Data below Start Marker

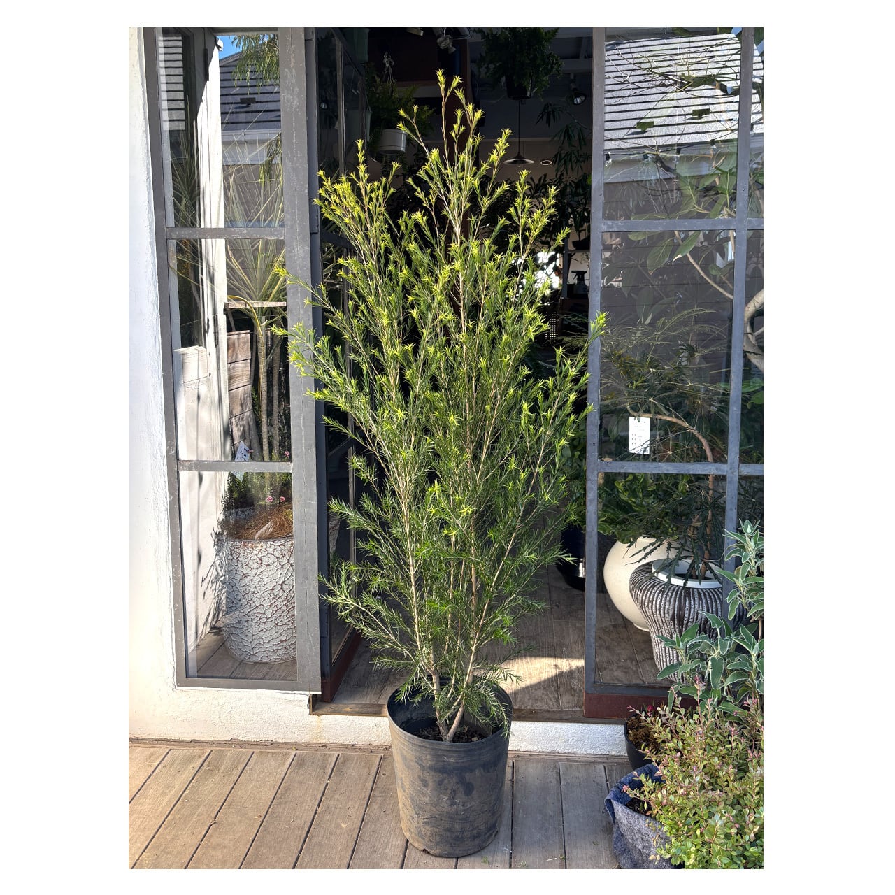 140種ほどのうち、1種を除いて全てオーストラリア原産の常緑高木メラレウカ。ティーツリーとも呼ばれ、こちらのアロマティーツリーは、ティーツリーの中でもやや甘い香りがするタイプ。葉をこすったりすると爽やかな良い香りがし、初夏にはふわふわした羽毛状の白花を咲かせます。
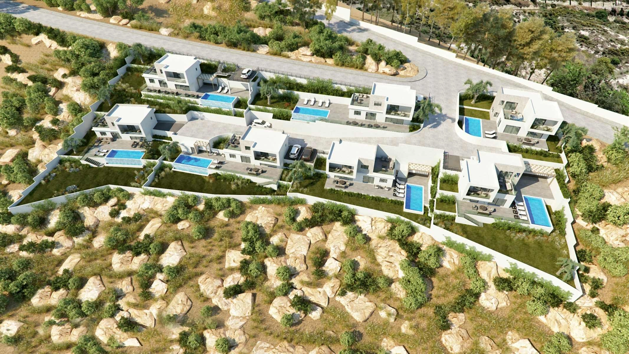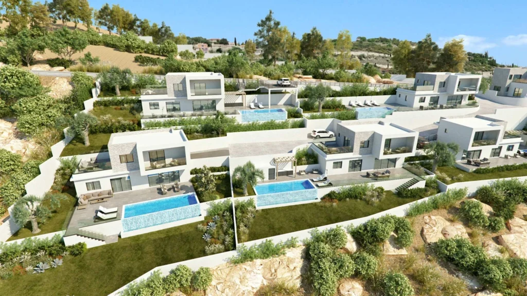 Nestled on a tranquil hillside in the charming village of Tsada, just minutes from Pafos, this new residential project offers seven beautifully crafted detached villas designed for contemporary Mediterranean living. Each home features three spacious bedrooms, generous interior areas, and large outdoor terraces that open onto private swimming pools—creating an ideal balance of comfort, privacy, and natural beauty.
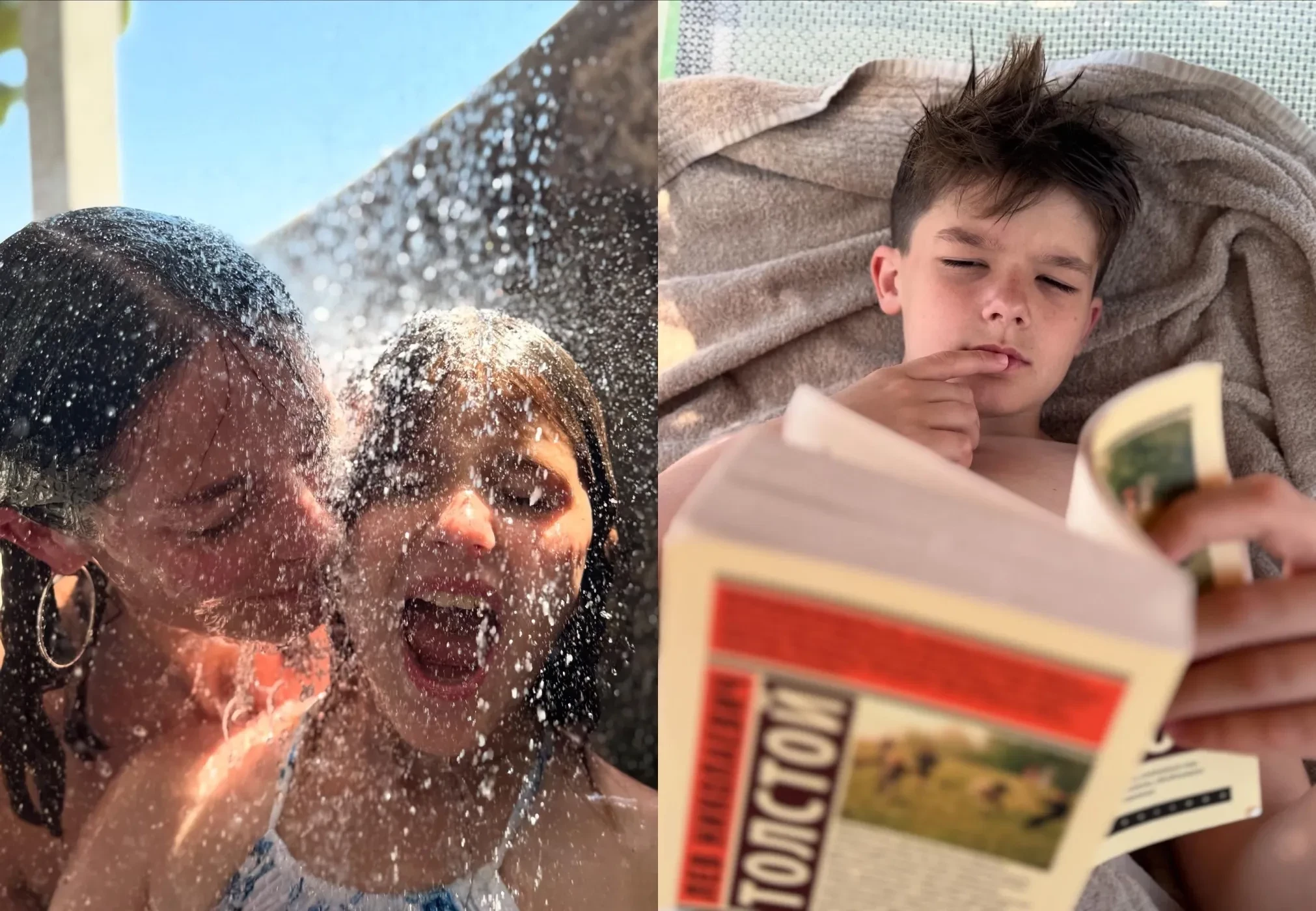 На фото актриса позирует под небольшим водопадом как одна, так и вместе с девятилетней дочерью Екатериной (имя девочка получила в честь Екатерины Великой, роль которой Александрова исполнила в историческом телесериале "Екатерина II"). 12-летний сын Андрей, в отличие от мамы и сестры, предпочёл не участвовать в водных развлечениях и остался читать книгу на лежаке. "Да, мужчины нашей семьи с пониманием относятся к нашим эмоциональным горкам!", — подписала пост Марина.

Data below End Marker

▶ **Requirement**: Every line of the material must be repeated exactly; pictures stay out.

▶ **Exercise response**:
 140種ほどのうち、1種を除いて全てオーストラリア原産の常緑高木メラレウカ。ティーツリーとも呼ばれ、こちらのアロマティーツリーは、ティーツリーの中でもやや甘い香りがするタイプ。葉をこすったりすると爽やかな良い香りがし、初夏にはふわふわした羽毛状の白花を咲かせます。
 Nestled on a tranquil hillside in the charming village of Tsada, just minutes from Pafos, this new residential project offers seven beautifully crafted detached villas designed for contemporary Mediterranean living. Each home features three spacious bedrooms, generous interior areas, and large outdoor terraces that open onto private swimming pools—creating an ideal balance of comfort, privacy, and natural beauty.
 На фото актриса позирует под небольшим водопадом как одна, так и вместе с девятилетней дочерью Екатериной (имя девочка получила в честь Екатерины Великой, роль которой Александрова исполнила в историческом телесериале "Екатерина II"). 12-летний сын Андрей, в отличие от мамы и сестры, предпочёл не участвовать в водных развлечениях и остался читать книгу на лежаке. "Да, мужчины нашей семьи с пониманием относятся к нашим эмоциональным горкам!", — подписала пост Марина.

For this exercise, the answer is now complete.